Racontez nous votre début comme créatif. Quel est votre parcours ?
Après 1 an et demi de stage, Jo et
moi étions à la recherche d’un emploi. Marcel était la seule agence où
l’on aurait accepté de reprendre un stage. Nous étions les premiers
créatifs dans les locaux de la hotshop de Publicis basé rue de
Courcelles, notre stage devait durer 3 mois mais Fred&Farid nous
ont embauché au bout de 10 jours… Nous avons participé à l’ensemble des
compétitions qui ont fait le succès économique de cette agence
notamment Coca-Cola. Nous sommes passés Directeurs de Création
Assistant sur l’ensemble des budgets de l’agence après l’arrivée du
budget Orange. Nous avons continué l’aventure avec eux chez FFL où nous
avons travaillé sur la plupart des sujets.
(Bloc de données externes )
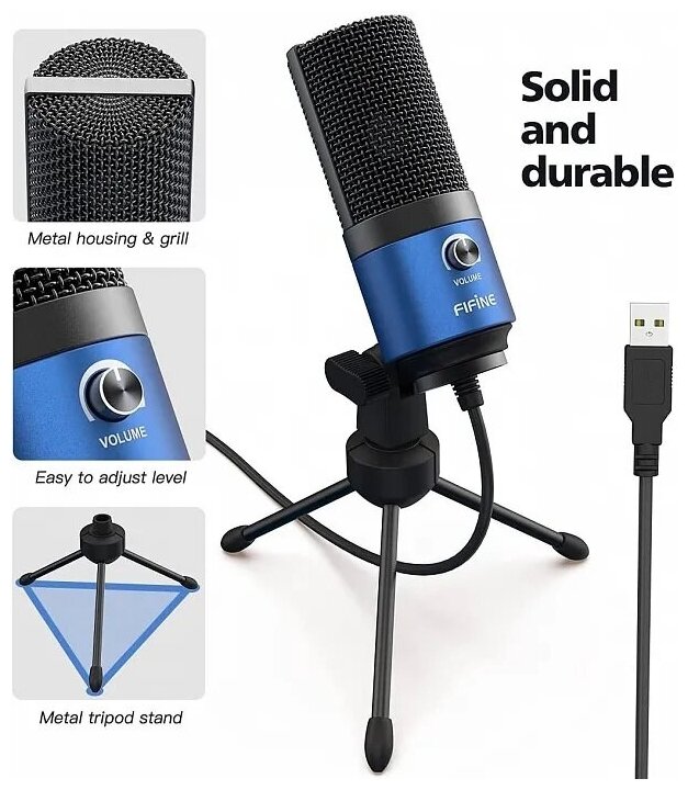 Конденсаторный студийный USB-микрофон Fifine K669 (компьютерный, игровой, для стримов, для конференций, Blue)
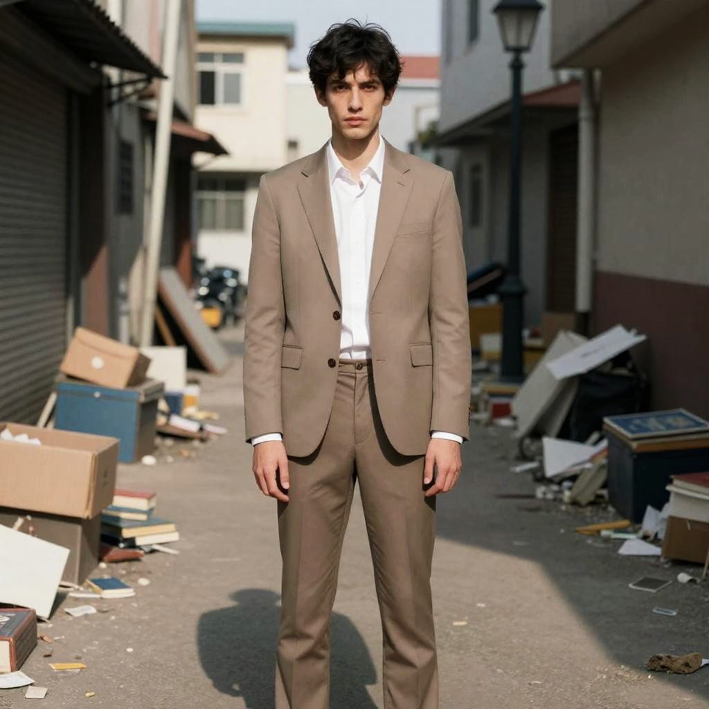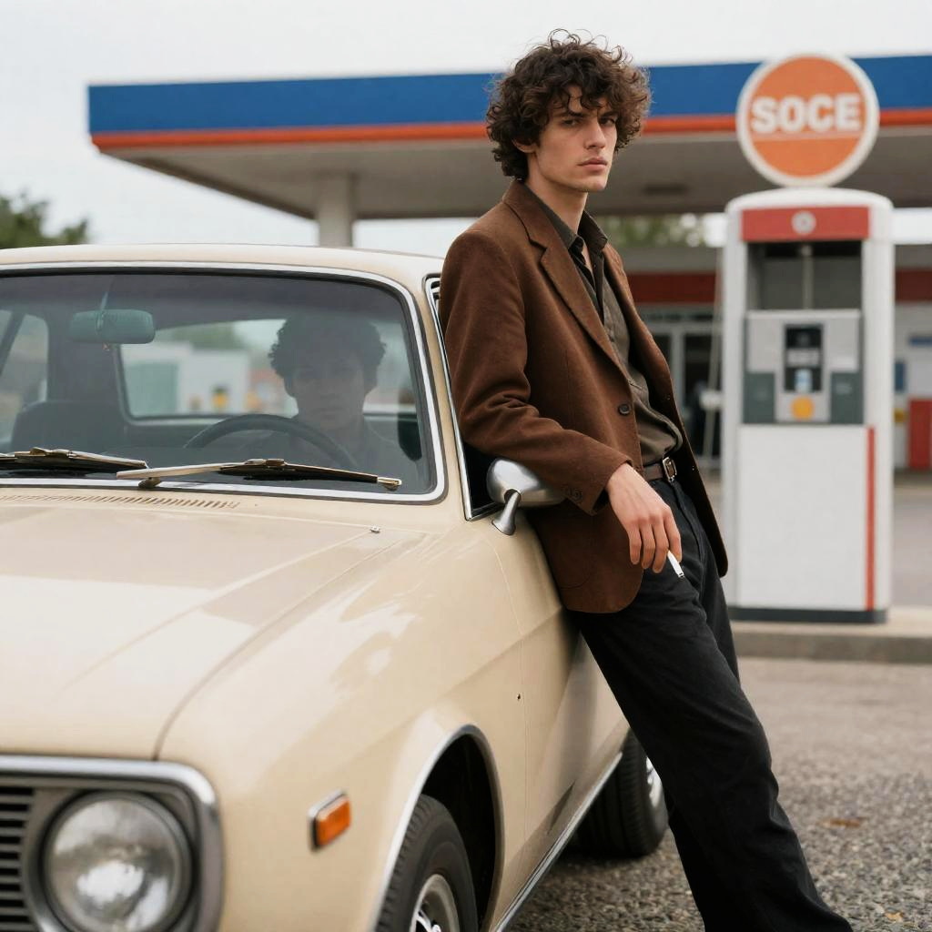 Man with curly hair, brown blazer, and dark pants leaning against a beige vintage car, holding a cigarette. Driver visible in car. Gas station with blue and orange signage in background. Gravel ground. Intense expression.
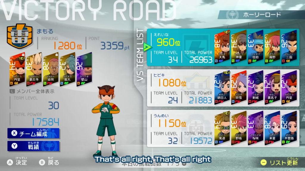 À gauche, on peut voir le profil du joueur, avec son pseudonyme (ici « Mamoru »), son blason, son classement actuel (1280ème) et son score (3359 points). Son équipe est ensuite affichée, avec les 5 premiers joueurs de l’équipe (à la manière de l’équipe de défis du mode Histoire). On peut voir sur chaque vignette de joueur son niveau, la couleur correspondant à sa rareté, une icône « C » vraisemblablement pour indiquer le capitaine, ainsi qu’un cadenas. Ce cadenas, qui évoque l’idée d’un joueur « verrouillé » ou imposé, pourrait servir à indiquer lesquels de ces joueurs sont des joueurs saisonniers, c’est à dire des joueurs imposés par le jeu dans le cadre d’une saison de championnat en particulier. Le niveau de l’équipe et sa puissance totale sont ensuite affichés, avec la possibilité d’afficher la formation complète en appuyant sur L. Le bouton X permet de changer la composition de son équipe, et Y d’afficher ses records.
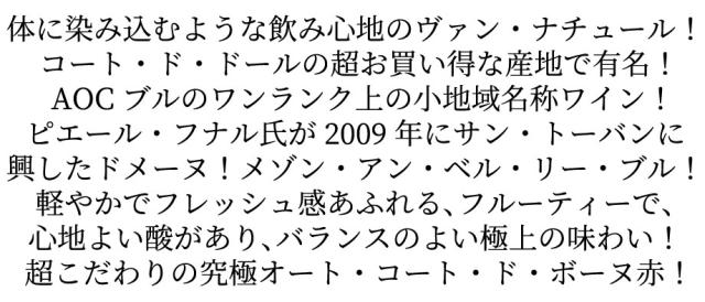 体に染み込むような飲み心地のヴァン・ナチュール!コート・ド・ドールの超お買い得な産地で有名!AOCブルのワンランク上の小地域名称ワイン!ピエール・フナル氏が2009年にサン・トーバンに
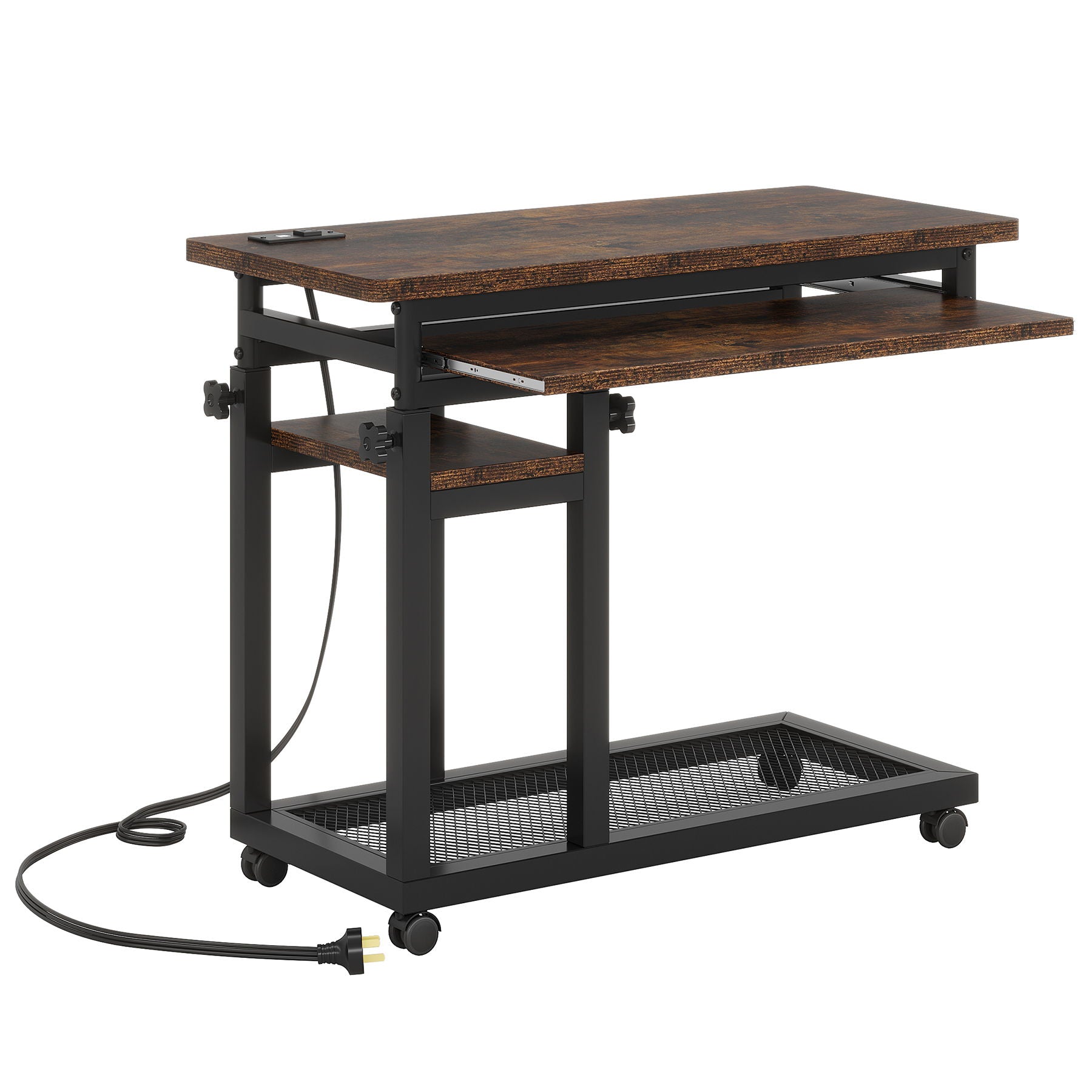 Adjustable Portable C Shaped Desk With Power Outlet & USB Ports, Rolling Standing Desk - Brown / Black
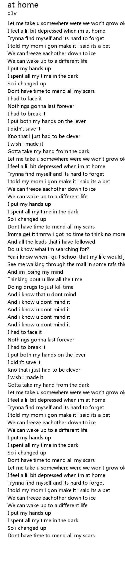 | [00:19.03] | I feel a lil bit depressed when im at home |
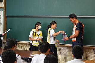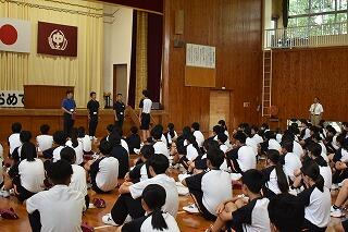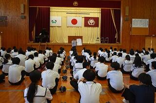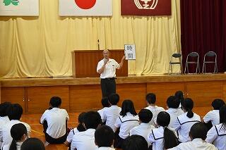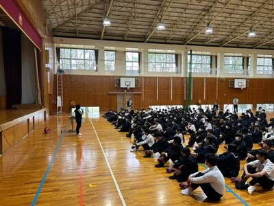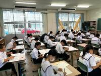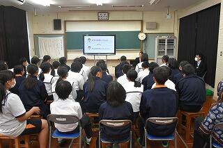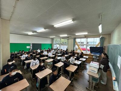 生徒たちは、戦争の恐ろしさを知るとともに、二度と繰り返してはならない歴史であることを改めて感じ取り、真剣に耳を傾けていました。最後に、竹原先生から「勇気をもって、何事にも挑戦してほしい」と温かいメッセージをいただき、学びを深める貴重な時間となりました。
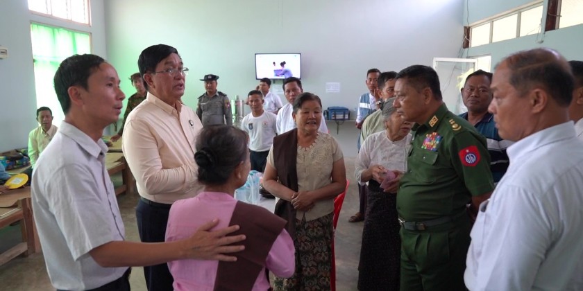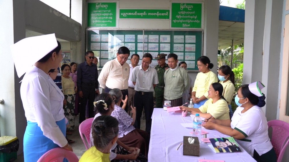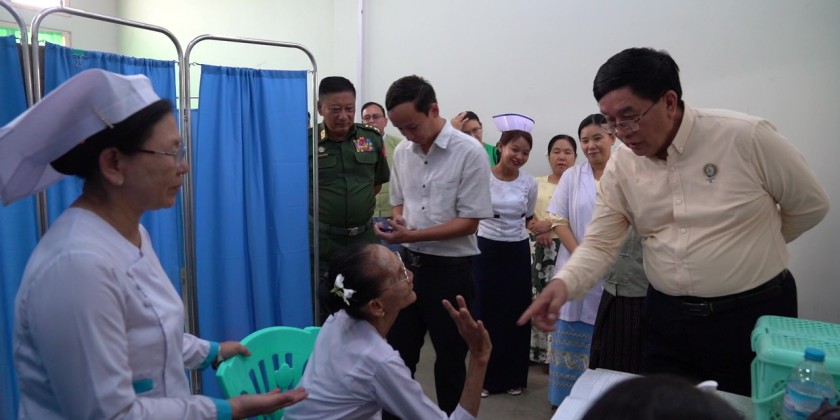 Magway Region Chief Minister U Tint Lwin together with the Region Ministers and Region/District/Township level officials, in the morning on 5th May, inspected the status of opening heat shelter for older persons from the words of Minbu Township at Pyinnya Ahlinyaung private high school.

J’ai travaillé en très de
temps de temps sur suffisamment de projets pour me faire une formation
accélérée à toutes les facettes de ce métier. J’ai quitté FFL début
Janvier 09.
Quel est votre
vision du métier de créatif, à la lumière du contexte économique actuel
? Est-ce la fin de la sacro sainte combinaison CR- DA ?
Avec
l’émergence de nouveaux supports, le métier se recentre sur l’idée, on
peut de nos jours ne pas maitriser les mots et l’image et pourtant,
être un bon créatif. Ce qui justifie la variété des profils de la
nouvelle génération de créatifs. La seule compétence en laquelle je
crois, c’est le travail.
Vous possédez un portfolio de marques impressionnant pour votre âge (Orangina, Orange, Adidas entre autres) Quel serait la marque que vous rêveriez de promouvoir, et pourquoi ?
Nike,
c’est une marque avec laquelle ma génération a grandi. Et compte tenu
de son historique créatif, renouveler la communication de cette marque
est un défi que je rêve de relever.
Lorsque
je vous ai contacté la première fois, en faisant référence aux
quolibets ainsi qu’aux informations anonymes, calomnieuses et non
vérifiables à votre sujet, vous m’avez dit préférer laisser parler
votre travail futur. Vous nous ferez signe lors de la sortie de la
première campagne signée Zonnenberg ?
L’idée n’est pas
tant de faire une bonne campagne, il s’agit surtout de faire de McCann
un acteur important aussi bien en terme de business que de créativité à
Paris.
Votre patron, Elie
Ohayon, vous a qualifié de premier DC de la fracture post-digitale.
Mais qu'est-ce que la fracture post-digitale ?
De plus en
plus d’agences commencent à intégrer des services web, mais ces
services ont leur propre fonctionnement, leur propre DA, leur propre DC
et évoluent en parallèle. Le modèle vers lequel je veux évoluer c’est
une fusion totale du web et de la création avec une réponse créative
qui part de l’idée et non du support.